Jaws of Satan

Disguised as a deadly king cobra, Satan slithers into a small town and begins terrorizing Father Tom Farrow (Fritz Weaver), a priest whose family was cursed long ago. With snake-related deaths rising and city officials unresponsive, Farrow must fight Satan himself. In addition to a variety of suspenseful attack scenes, this low-budget horror movie also features a very young Christina Applegate in her big-screen debut.

Rating: 1 out of 10

I really don’t know why I do this to myself. I’m sitting at night with my wife and we’re flipping through the Netflix movies that are available through instant watching. I’m not in the mood for a drama, or a comedy, or sci-fi. Hmmm, horror sounds good. Then I notice legendary Director of Photography Dean Cundey (Halloween, The Thing, Who Framed Roger Rabbit), who worked on a film called “Jaws of Satan.”

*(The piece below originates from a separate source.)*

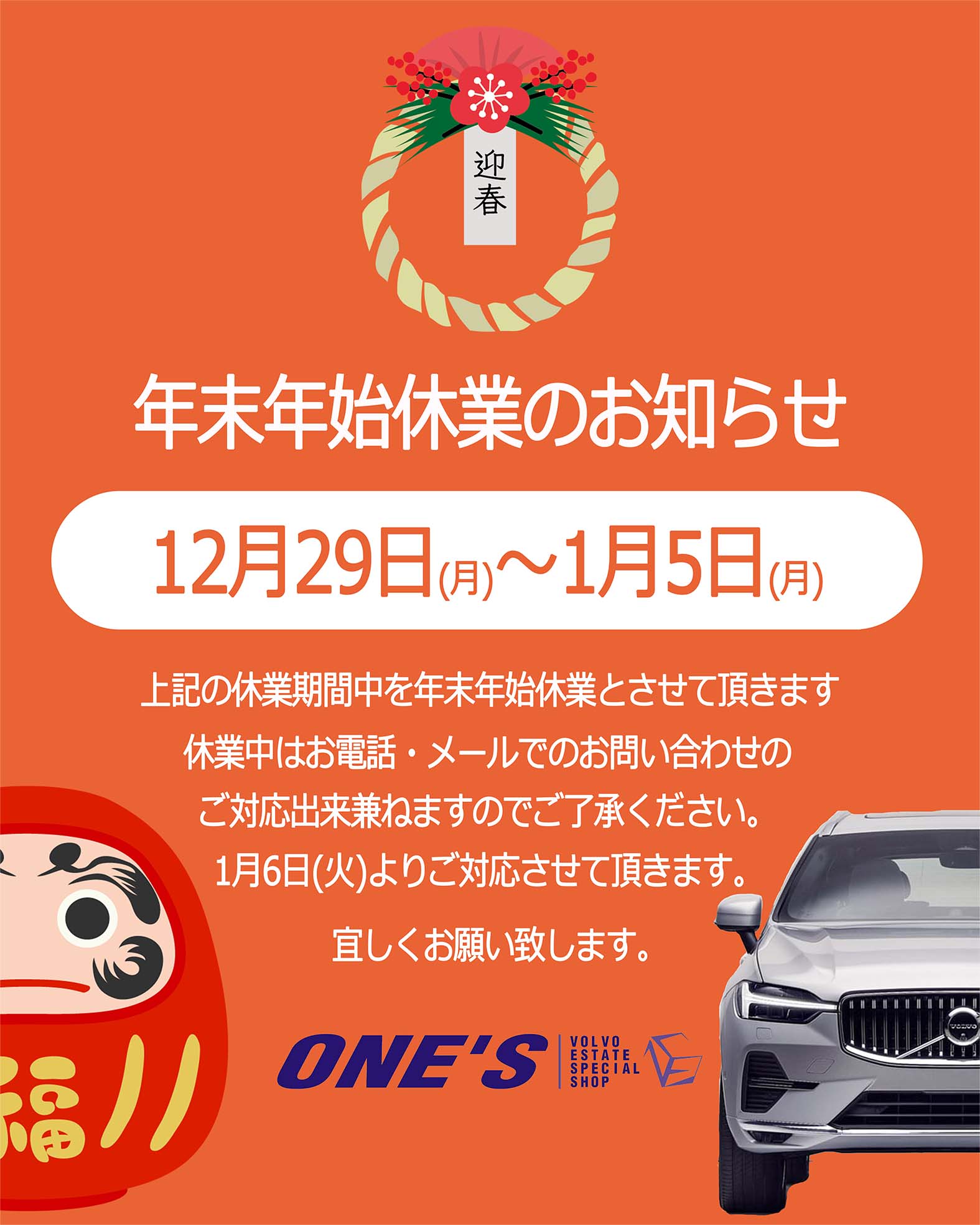 年末年始休業のお知らせ

I love the movie Jaws and you add Satan and it sounds even more evil and perilous. Well, I could not have been more wrong!! Imagine if you will, you have a film camera and you have no idea what to make a movie about. So, you go to Toys ‘R’ Us and you find a rubber snake and say, “Hey, I could make a horror film where a snake kills people.” You now have exactly the same amount of talent as the people who made “Jaws of Satan.” Where do I start with the shitiness?

Well, how about the phoniest looking snakes ever put on film? Check. How about claiming one of them is Satan? Check. How about tying a priest’s roots back to a druid culture that somehow battled previous snakes? Check. I could go on and on about the horrid special effects where you can see the glass between the guy and the snake. Or, I could explain the scene where a woman goes to bed and a rattlesnake slowly moves toward her. She picks up the phone and dials 911? Nooooope. She calls another character to come help her. We then watch as he runs from his hotel room to her house to save her. Now, I have no clue how close that hotel was to her house. But, if it was 3 blocks let’s say, it would take a hell of a lot longer for him to show up than it would FOR THE SNAKE TO CRAWL TO THE OTHER END OF A BED!!!!! Then, when the guy shows up, he coils the snake up with a rope and shoots it in the head. HAHAHAHA!!!! How the hell does a movie like this get made without someone who has serious brain damage green lighting the financing? I looked up the director, Bob Claver, and found that he had a terrific resume that consisted of Charles in Charge episodes as well as Mork & Mindy. I can’t believe a talent like this has been hidden from me for all these years when I could have been treasuring his genius.

Here’s a corny scene from Jaws of Satan…


2 responses to “Jaws of Satan

  1. Dean Cundey was involved in this mess? What a shame.

  2. Well if we know anything we know cobras hate rapists!